Problem description: Reproduce every entry below exactly, minus the pictures.

Recorded information:
>>>
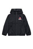 Chaqueta cortavientos con logo estampado en el pecho y detalles en contraste. El modelo presenta capucha fija y cierre frontal con cremallera.
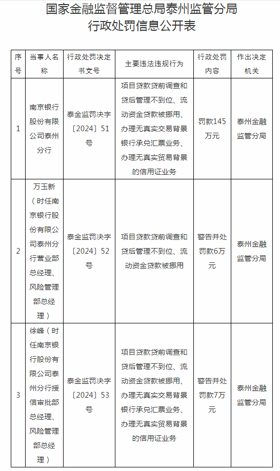 分支机构的违规问题同样集中。1月9日,国家金融监督管理总局泰州监管分局披露,南京银行泰州分行因三项违规行为被罚款145万元。经查,该分行贷前调查与贷后管理严重缺位,导致流动资金贷款被违规挪用;同时办理无真实交易背景的银行承兑汇票及信用证业务,违背 “贸易背景真实性” 原则。
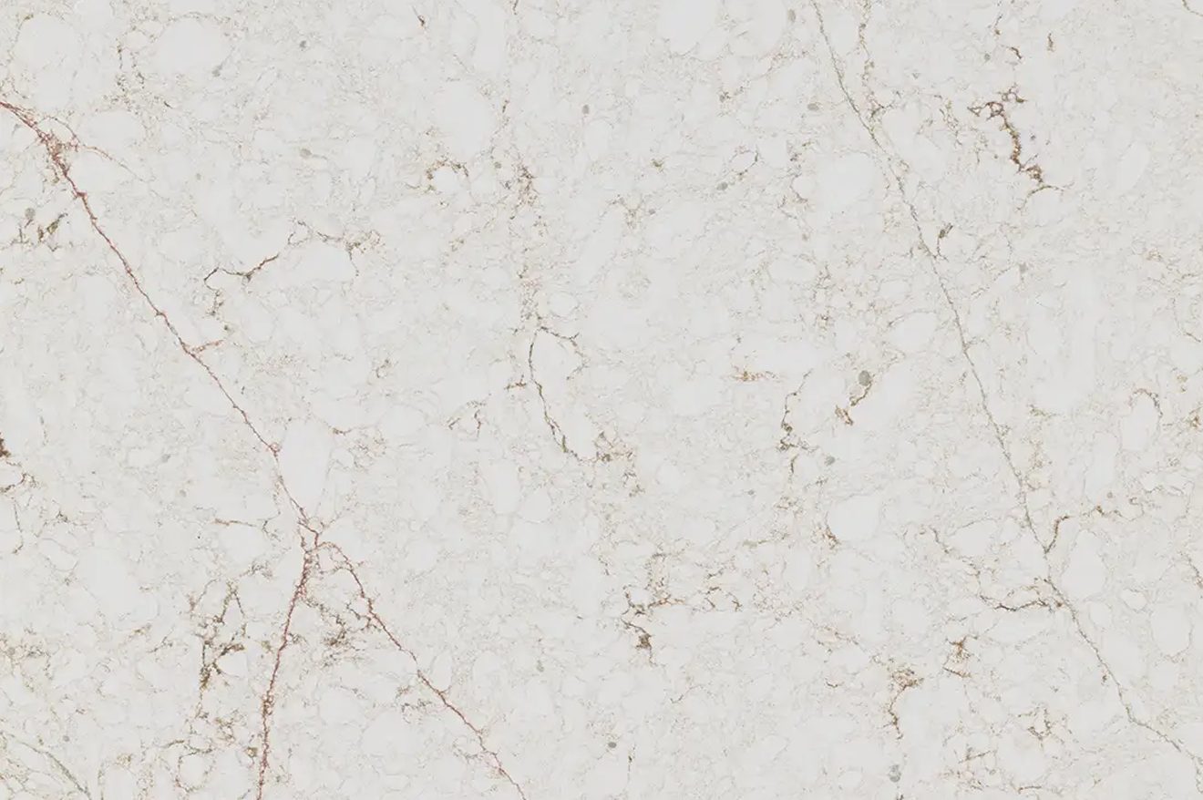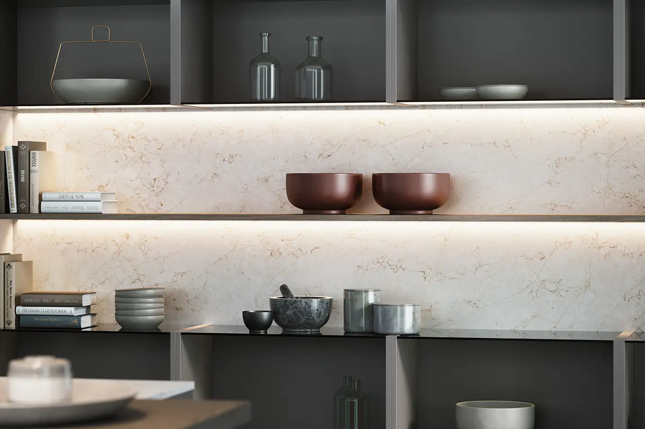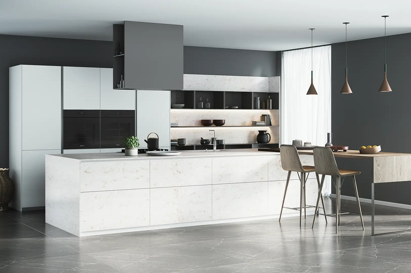 Sughero quartz presents an ideal surface with white background and golden pattern to exhibit a versatile and contemporary aesthetic for a modern home.
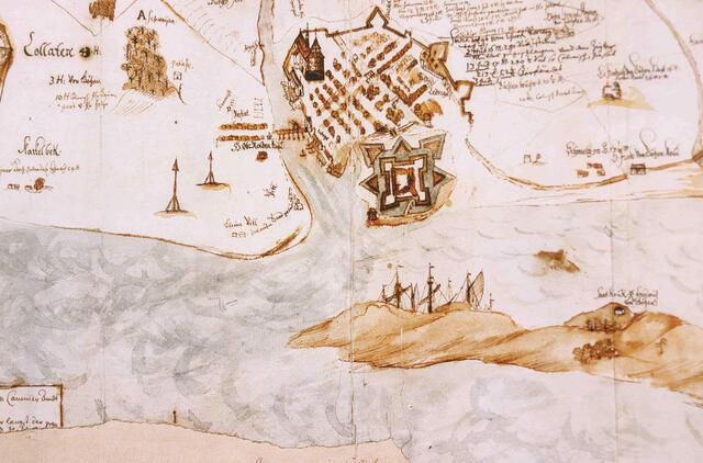 Įdomi detalė: už gigantiškos kopos slepiasi burlaivis. Uostas XVII a. buvo ne pamaryje, o Dangės upėje, tad topografas pavaizdavo saugią vietą: smėliakalnį, už kurio burlaiviai bandydavo išlaukti nepalankaus oro pabaigą.
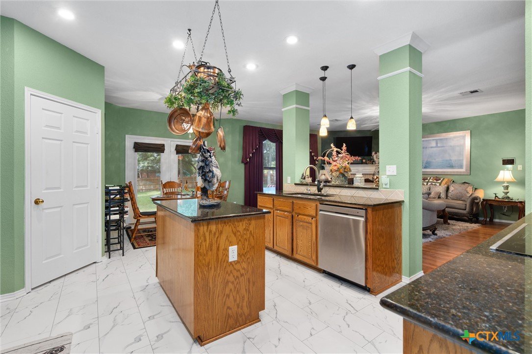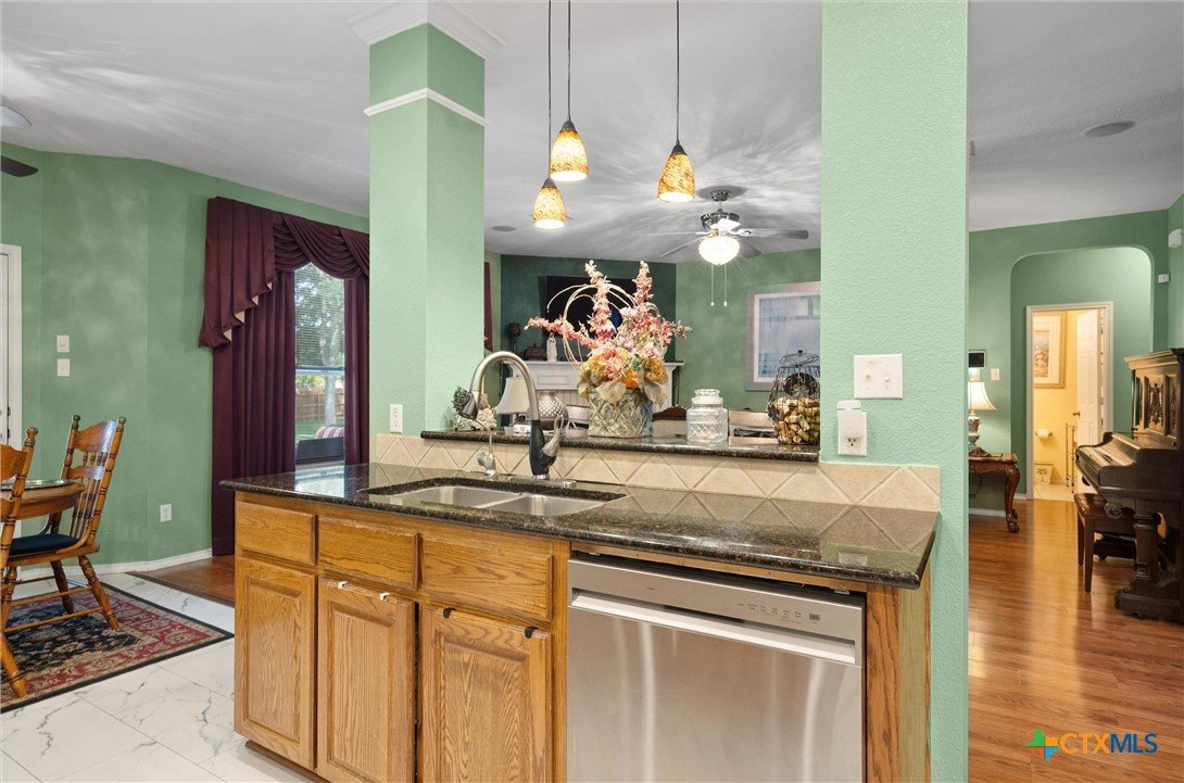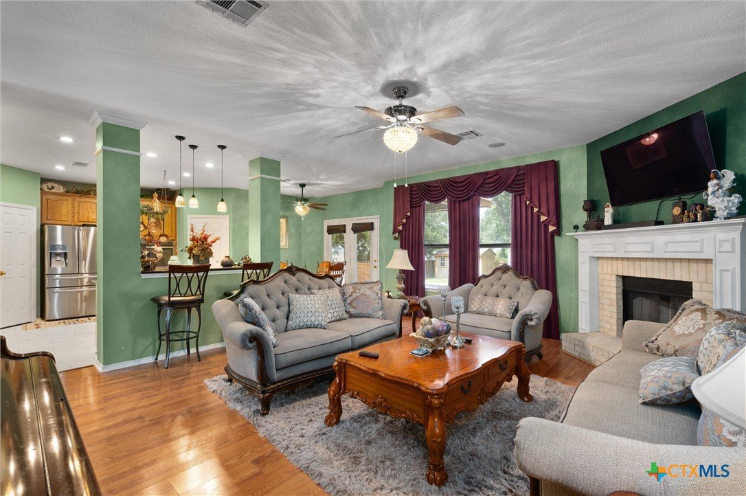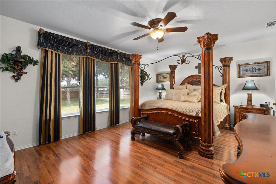 Serene Crossland Estates Retreat with No HOA and Massive Backyard! This spacious home sits on a corner lot among mature oak trees, outside city limits for lower taxes and extra privacy. Inside, you’ll find a private home office, flex space for formal dining or living, and a chef’s kitchen with double ovens, stainless appliances, granite counters, breakfast bar, and large pantry—open to the family room with a cozy fireplace. The main-floor primary suite is a true retreat with a spa-like bath and walk-in closet. Upstairs offers a versatile bonus room plus three bedrooms and a remodeled full bath. Step outside to a massive backyard with a covered patio, storage shed, and slab perfect for basketball or picnics. A two-car garage, extended driveway, and brick carport provide ample parking. Water heater is 2 years old. Zoned to top-rated Cavazos elementary school, minutes from shopping, I-14, and Fort Cavazos—this property offers privacy, space, and convenience. Schedule your showing today!
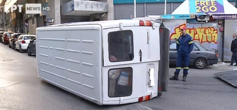 Τροχαίο στην Πατησίων – Φορτηγάκι συγκρούστηκε με Ι.Χ και αναποδογύρισε
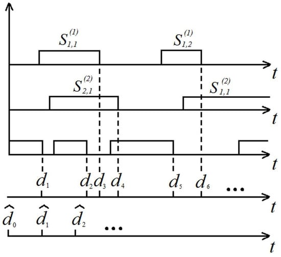 We assume that if the nth customer entering server j belongs to class i, then we assign the service time from the corresponding iid sequence initially intended for this class of customers, . (In other words, we omit the ‘intermediate’, not used, elements of this sequence.) Now, we consider the ‘minimal’ service times realized by all servers,
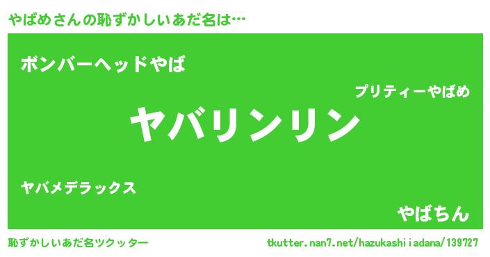 | ヒーロー風カッコイイあだ名 | 『炎刃騎士ヤバ』『友情の使者やばめ』 |
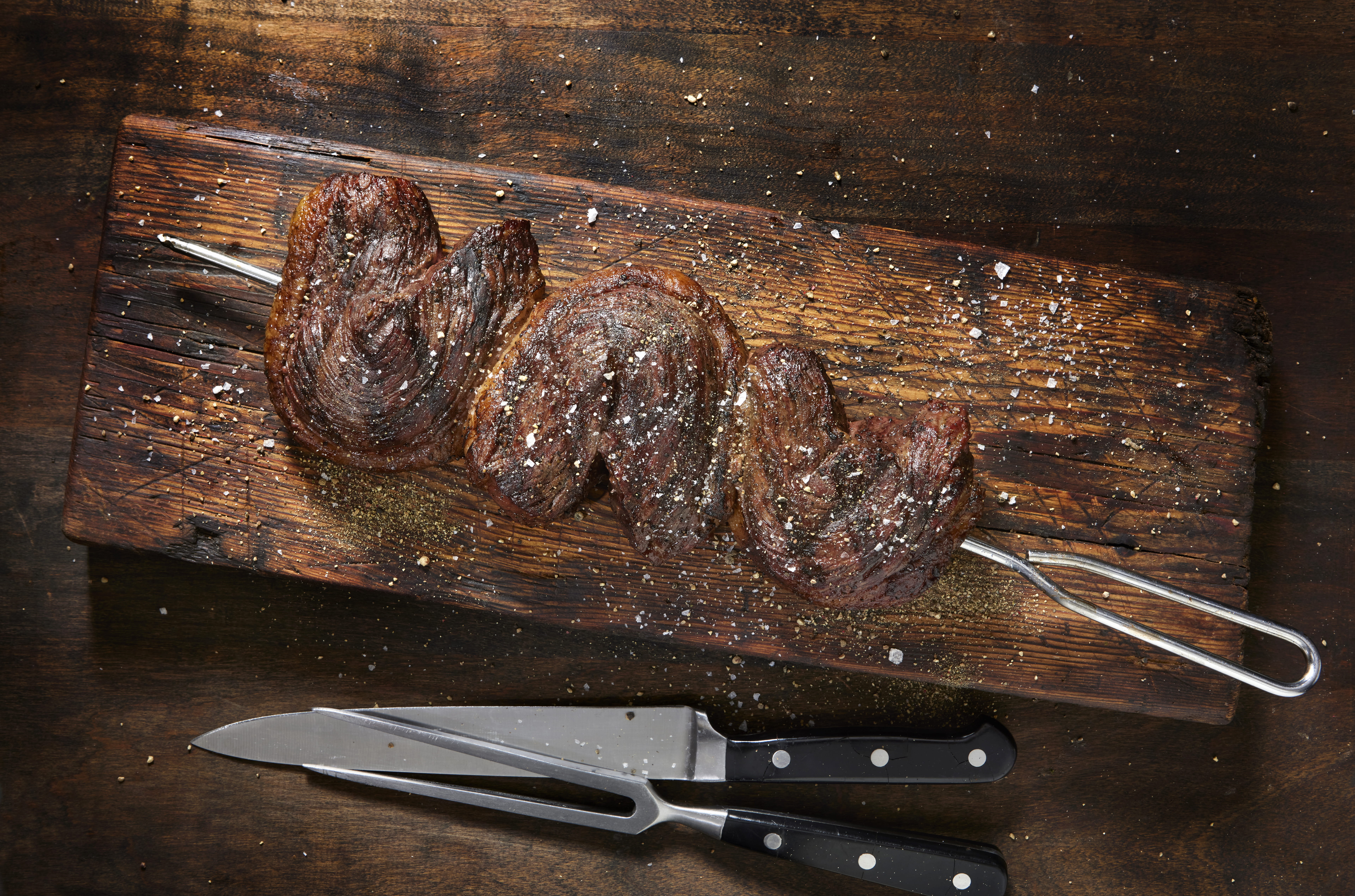 Once the steak is sliced, season with the salt and then the Brazilian steak seasoning (if using).
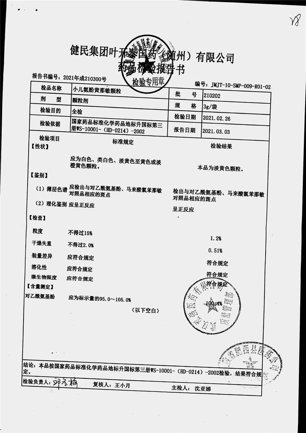 | 小儿氨酚黄那敏颗粒 | 3g | 210202 | 查看详情 |
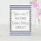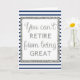 A blue and silver retirement card. The front says you can't retirement from being great, which is trimmed with a beautiful silver glitter design in front of a blue and white striped background. The inside reads a retirement sentiment, but you can easily personalise. The back says happy retirement in silver glitter against a blue and white striped design. This would make a great keepsake for the retiree.
<<<
Expected answer:
 Chaqueta cortavientos con logo estampado en el pecho y detalles en contraste. El modelo presenta capucha fija y cierre frontal con cremallera.
 分支机构的违规问题同样集中。1月9日,国家金融监督管理总局泰州监管分局披露,南京银行泰州分行因三项违规行为被罚款145万元。经查,该分行贷前调查与贷后管理严重缺位,导致流动资金贷款被违规挪用;同时办理无真实交易背景的银行承兑汇票及信用证业务,违背 “贸易背景真实性” 原则。
 Sughero quartz presents an ideal surface with white background and golden pattern to exhibit a versatile and contemporary aesthetic for a modern home.
 Įdomi detalė: už gigantiškos kopos slepiasi burlaivis. Uostas XVII a. buvo ne pamaryje, o Dangės upėje, tad topografas pavaizdavo saugią vietą: smėliakalnį, už kurio burlaiviai bandydavo išlaukti nepalankaus oro pabaigą.
 Serene Crossland Estates Retreat with No HOA and Massive Backyard! This spacious home sits on a corner lot among mature oak trees, outside city limits for lower taxes and extra privacy. Inside, you’ll find a private home office, flex space for formal dining or living, and a chef’s kitchen with double ovens, stainless appliances, granite counters, breakfast bar, and large pantry—open to the family room with a cozy fireplace. The main-floor primary suite is a true retreat with a spa-like bath and walk-in closet. Upstairs offers a versatile bonus room plus three bedrooms and a remodeled full bath. Step outside to a massive backyard with a covered patio, storage shed, and slab perfect for basketball or picnics. A two-car garage, extended driveway, and brick carport provide ample parking. Water heater is 2 years old. Zoned to top-rated Cavazos elementary school, minutes from shopping, I-14, and Fort Cavazos—this property offers privacy, space, and convenience. Schedule your showing today!
 Τροχαίο στην Πατησίων – Φορτηγάκι συγκρούστηκε με Ι.Χ και αναποδογύρισε
 We assume that if the nth customer entering server j belongs to class i, then we assign the service time from the corresponding iid sequence initially intended for this class of customers, . (In other words, we omit the ‘intermediate’, not used, elements of this sequence.) Now, we consider the ‘minimal’ service times realized by all servers,
 | ヒーロー風カッコイイあだ名 | 『炎刃騎士ヤバ』『友情の使者やばめ』 |
 Once the steak is sliced, season with the salt and then the Brazilian steak seasoning (if using).
 | 小儿氨酚黄那敏颗粒 | 3g | 210202 | 查看详情 |
 A blue and silver retirement card. The front says you can't retirement from being great, which is trimmed with a beautiful silver glitter design in front of a blue and white striped background. The inside reads a retirement sentiment, but you can easily personalise. The back says happy retirement in silver glitter against a blue and white striped design. This would make a great keepsake for the retiree.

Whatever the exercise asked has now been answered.